In affidavits included with the complaint, plaintiffs claim they’ve been threatened, harassed, and exposed to violence —even murder—due to their ties to fetal tissue research.

As an employee at Seattle Children’s Hospital, identified only as John Doe 1 to protect his privacy and safety, writes:

In one case, Seattle Children’s diagnosed a fetus with a lethal disorder, and because of number of weeks of gestation, the patient had to travel out of state to obtain an abortion. I had interactions with the physician who performed the abortion relating to the autopsy that Children’s Labs performed on the fetus. That physician was later killed by someone with anti-abortion views.

In another affidavit, a professor and research scientist who studies congenital birth defects and is identified as Jane Doe 8, writes:

I fear that having my identity and personal information released to the public would lead to harassment, threats, or violence directed against me or my family.

Protecting the privacy and safety of researchers and employees with ties to fetal tissue science has emerged as an issue of growing concern among scientists as anti-choice groups and Republican lawmakers march on with what some have called a Planned Parenthood “witch hunt.”

In June, the head of the U.S. House Select Investigative Panel on Infant Lives revealed fetal tissue scientists’ identities in letters sent to U.S. Department of Health and Human Services—prompting fears in the medical research community the individuals will be subject to harassment and violence by anti-abortion activists.

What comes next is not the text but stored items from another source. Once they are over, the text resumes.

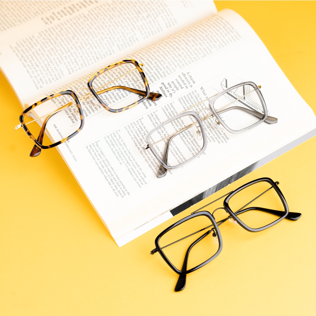 Uppernoose Karl - Frame Kacamata Kotak Plastik Tangkai Besi Tebal Pria Wanita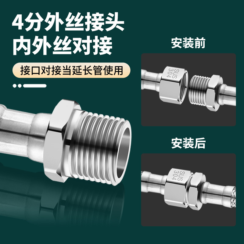 📚 4分内外丝延长管304不锈钢编织冷热进水加长管家用管高压防爆软管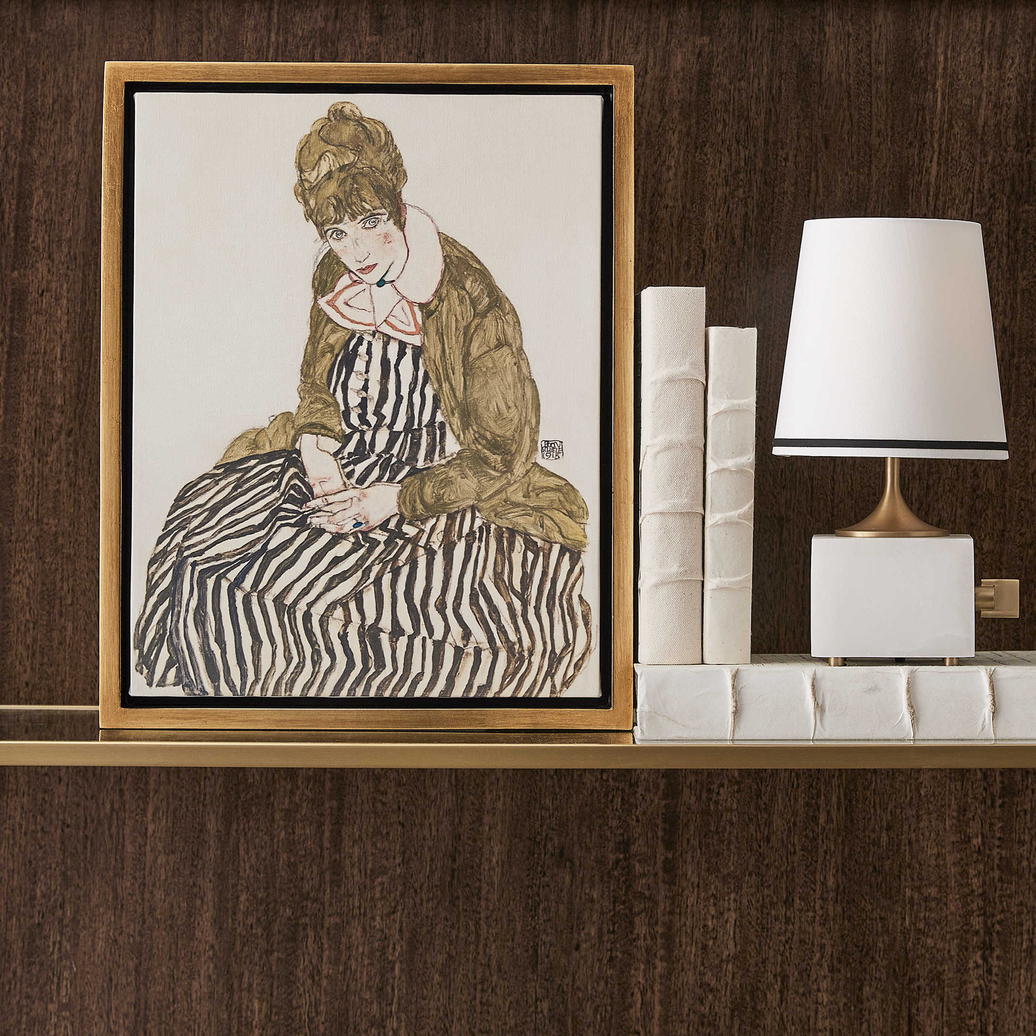 Created by Egon Schiele in 1915, the portrait of his wife, *"Edith With Striped Dress, Sitting,"* continues to captivate viewers with its striking interplay of black, white, and olive hues. This timeless piece beautifully captures the emotional intensity and bold style characteristic of Schiele’s work. Expertly framed in a floating gallery style, it is set in a pinewood frame with a gold metal leaf face and black-finished sides, adding a touch of elegance to any space. A stunning work of art that effortlessly combines history, beauty, and sophistication, perfect for enhancing your home with artistic depth.
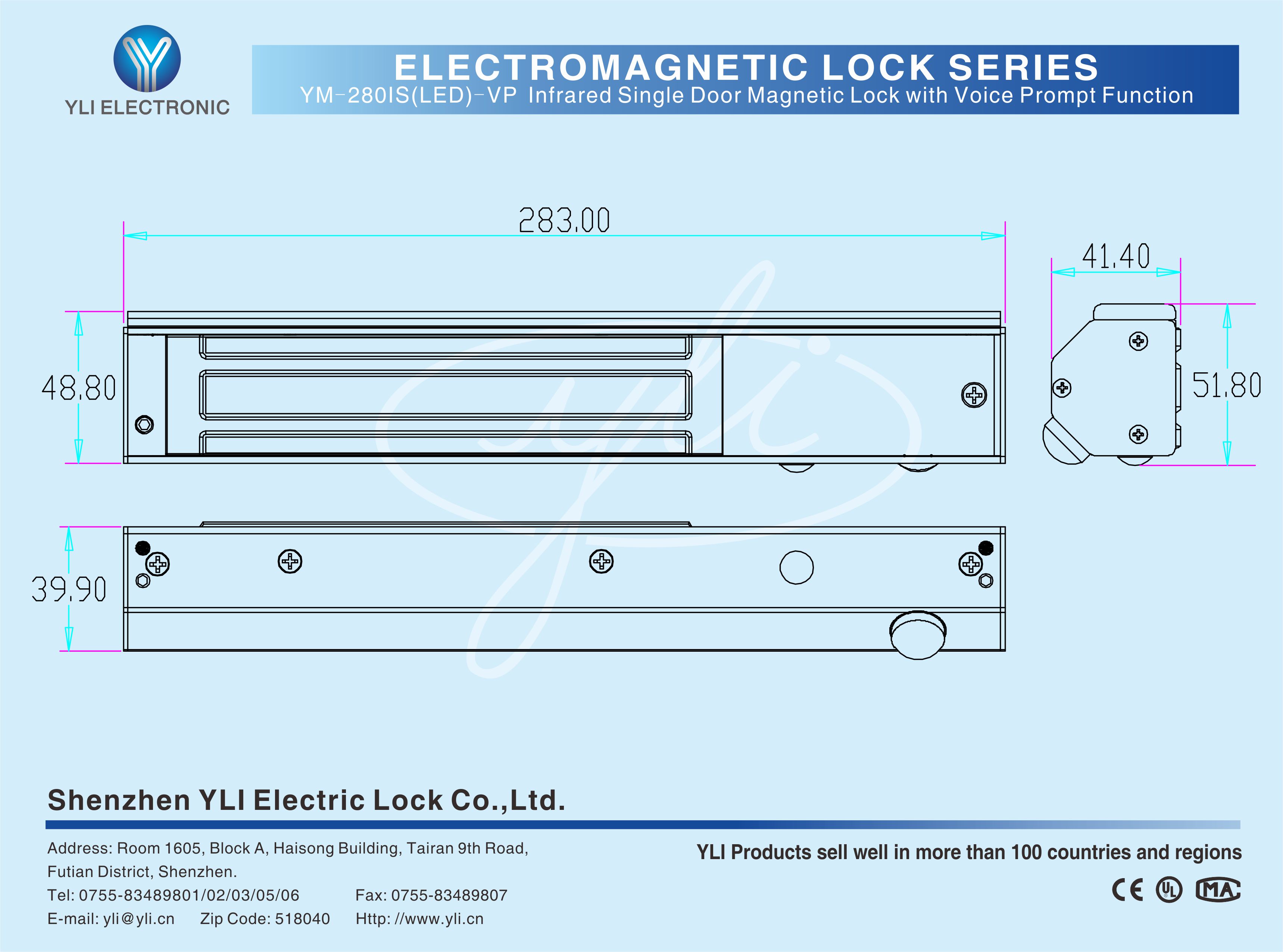 YM-280IS(LED)-VP is a new type of single door Electromagnetic Lock with the infrared induction automatic unlock function,Due to it can improve the efficiency of Access control automation effectively,it’s widely used in Emergency Exit of intelligent building,residential community, shopping center, airport, HSR station, subway station, the grand theatre and so on.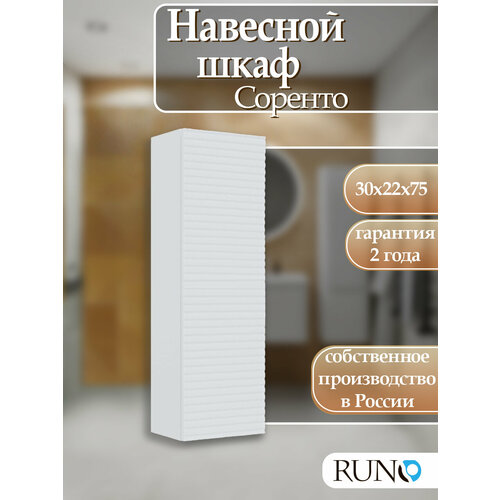 Шкаф с полками навесной RUNO Соренто (одностворчатый) - отличное решение для современного оформления Вашего дома. Рифленые фасады с горизонтальным расположением волны, визуально «оживляют» и «приводят в движение» всю обстановку комнаты, сохраняя при этом умиротворение и покой. Шкафчик выполнен в традиционном и всегда модном белом цвете и гармонично впишется в любой интерьер. Шкаф навесной отлично впишется в ванную комнату, где Вы сможете его использовать для дополнительного хранения как шкаф навесной для ванной над стиральной машиной или мини шкаф пенал с полками. Можно использовать его и как шкаф в прихожую, где он станет изюминкой Вашего помещения и будет привлекать к себе внимание своим необычным дизайном. Также можно найти применение ему на кухне, где использовать его как мини бар для хранения Вашей коллекции вин или шкаф кухонный навесной для всякой кухонной утвари, привлекая восторженные взгляды Ваших гостей. Возможно, использование шкафа навесного в детской комнате, как книжного шкафа или просто навесного шкафа для всяких мелочей. Конечно же, шкаф навесной можно использовать на балконе или лоджии, любителям цветов он подойдёт для хранения всевозможного инвентаря. Шкаф с полками поможет организовать пространство в разных помещениях Вашего дома, послужит подспорьем в оптимизации пространства и мест для хранения всевозможных вещей. Шкаф поставляется в разобранном виде, в комплект входят: боковины шкафа левая и правая, верхняя и нижняя части шкафа, полки, дверца, задняя стенка шкафа, петли (одна с доводчиком, одна без доводчика), навесы шкафа, набор комплектующих для сборки шкафа, инструкция по сборке. Для изменения стороны открывания, шкаф можно повернуть на 180 градусов. Мебель для ванной RUNO - красота и практичность в мелочах! Цвет товара на мониторе может отличаться от реальных цветов, это зависит от настроек цветового профиля и разрешения Вашего монитора или мобильного устройства.
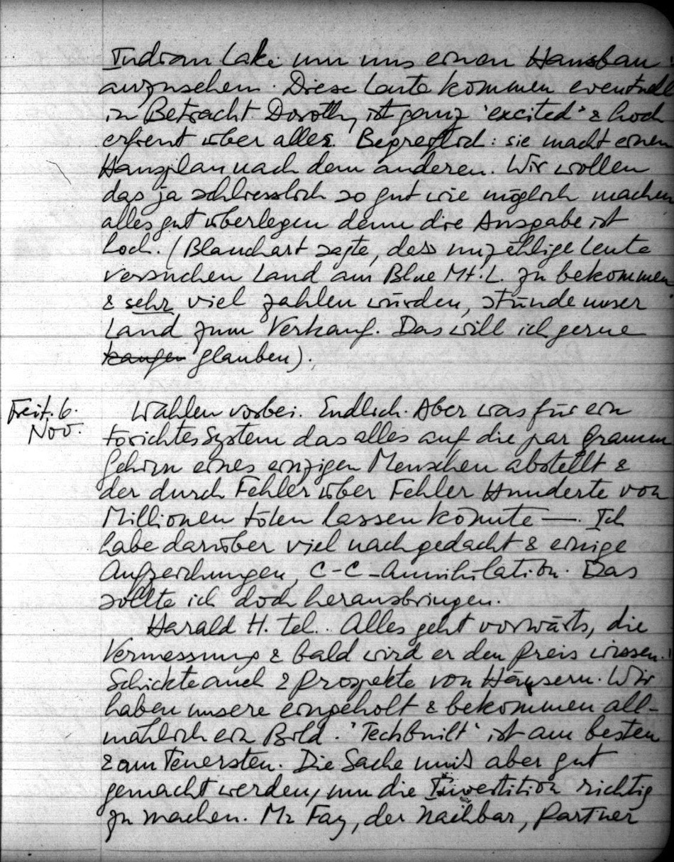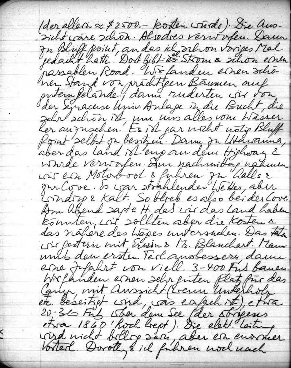 Dann traf ich mich mit Dorothy in Newark & wir flogen nach Utica & dann mit Auto (Regen & Nebel) nach Blue Mt. Lake. Dinner mit Harald & Mary in ihrem Haus (wir im Gast-Haus). Sehr nett. Freitag war etwas Schnee, der aber in der Sonne verschwand. Mit Harald gingen wir zuerst zu dem Land jenseits der Aalls. Es ist kompliziert, unser Weg würde hoch über das Gelände gelegt werden müssen, lang & teuer sein, dazu noch Generator (der allein $ 2 500,- kosten würde). Die Aussicht wäre schön. Also dies verworfen. Dann zu Bluff Point, an das ich schon voriges Mal gedacht hatte. Dort gibt es el. Strom & schon einen passablen Road. Wir fanden einen schönen Stand von prächtigen Bäumen auf gutem Gelände; dann ruderten wir von der Synacuse Univ. Anlage in die Bucht, die sehr schön ist, um uns alles vom Wasser her anzusehen. Es ist gar nicht nötig Bluff Point selbst zu besitzen. Dann zu Utawanna, aber das Land ist eng an dem Highway & wurde verworfen. Am nachmittag nahmen wir ein Motorboot und fuhren zu Aalls & zur Cove. Es war strahlendes Wetter, aber windig & kalt. So blieb es also bei der Cove. Am Abend sagte H. daß wir das Land haben könnten, wir sollten aber die Kosten & das nähere des Weges untersuchen. Das taten wir gestern mit Erwin & Mr. Blanchart. Man muß den ersten Teil ausbessern, dann eine Zufahrt von viell. 3-400 Fuß bauen. Wir fanden einen sehr guten Platz für das Camp, mit Aussicht (wenn Unterholz etc. beseitigt wird, was einfach ist), etwa 20-30 Fuß über dem See (der übrigens etwa 1860' hoch liegt). Die elekt. Leitung wird nicht billig sein, aber ein enormer Vorteil. Dorothy & ich fuhren noch nach Indian Lake um uns einen Hausbau anzusehen. Diese Leute kommen eventuell in Betracht. Dorothy ist ganz "excited" & hoch erfreut über alles. Begreiflich: sie macht einen Hausplan nach dem anderen. Wir wollen das ja schliesslich so gut wie möglich machen, alles gut überlegen denn die Ausgabe ist hoch. (Blanchart sagte, dass unzählige Leute versuchen Land am Blue Mt. L. zu bekommen & sehr viel zahlen würden, stünde unser Land zum Verkauf. Das will ich gerne glauben.)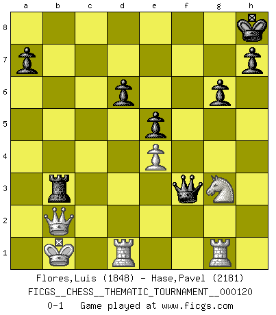 Last move : 0-1 2010 November 2 10:19:29 [Event "FICGS__CHESS__THEMATIC_TOURNAMENT__000120"] [Site "FICGS"] [Date "2010.09.02"] [Round "1"] [White "Flores,Luis"] [Black "Hase,Pavel"] [Result "0-1"] [WhiteElo "1848"] [BlackElo "2181"] 1.d4 f5 2.g4 fxg4 3.e4 d6 4.h3 Nf6 5.Nc3 e5 6.d5 Be7 7.hxg4 Bxg4 8.f3 Bh5 9.Be3 O-O 10.Qd3 c6 11.O-O-O cxd5 12.Nxd5 Nxd5 13.Qxd5+ Bf7 14.Qxb7 Nd7 15.Ne2 Rb8 16.Qa6 Bg5 17.Bxg5 Qxg5+ 18.Kb1 Nc5 19.Qa3 Rb6 20.Rg1 Qf6 21.Ng3 Rfb8 22.b3 Kh8 23.Bd3 Bxb3 24.cxb3 Qxf3 25.Bc4 Nxb3 26.Bxb3 Rxb3+ 27.axb3 Rxb3+ 28.Qb2 g6 0-1 Dutch, Krejcik gambit Kingside Castling by player Black (move 9) Queenside Castling by player White (move 11) Player Black won this chess game. Follow this game move after move (download)After a bad opening, there is hope for the middle game. After a bad middle game, there is hope for the endgame. But once you are in the endgame, the moment of truth has arrived. (Edmar Mednis) Zu meiner Zeit war ein 20 jähriger ein junger Spieler, heute ist er ein Veteran. (Garry Kasparov) Un jugador que trata de regresar una movida en el Ajedrez es un futuro carterista. (Richard Fenton) Mais n'est-ce pas déjà le limiter injurieusement que d'appeler les échecs un jeu? N'est-ce pas aussi une science, un art, ou quelque chose qui, comme le cercueil de Mahomet entre ciel et terre, est suspendu entre l'un et l'autre, et qui réunit un nombre incroyable de contraires ? (Stefan Zweig) Creativity involves breaking out of established patterns in order to look at things in a different way. (Edward De Bono)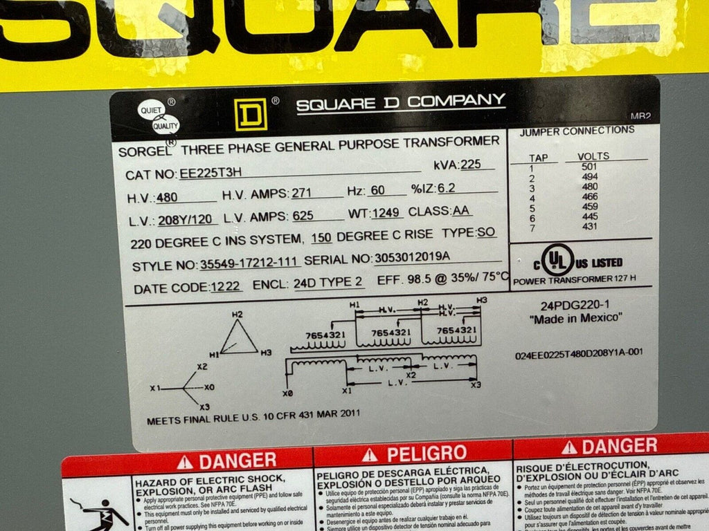 225 KVA Square D EE225T3H Transformer Pri 480V Sec 208/120V 3PH Indoor Encl Weight: 1249lbs

As Chung told Rewire, “This is all very much rooted in the concern that the same types of harassment and violence that clinics experience are now being targeted on a wider range of people—all with the goal of chilling important research and medical care.”

The lawsuit is the fourth filed against Daleiden and his anti-choice group following the release of the first wave of CMP’s sting videos last summer. Planned Parenthood Federation of America, the National Abortion Federation (NAF), and StemExpress, a fetal tissue processing firm that once worked with Planned Parenthood, have all sued in federal court in California.

Daleiden often frames his work as citizen journalism, but in a brief filed with the NAF lawsuit, 18 of the country’s leading journalists and journalism scholars noted that “calling himself an ‘investigative journalist’ … does not make it so.”

In April, California Attorney General Kamala Harris’ office searched Daleiden’s California apartment as part of an ongoing investigation into the CMP’s secret recording methods.

Officials in a dozen states, including Washington state, have cleared Planned Parenthood of any wrongdoing in its tissue donation programs, and eight additional states have declined to investigate the health-care provider.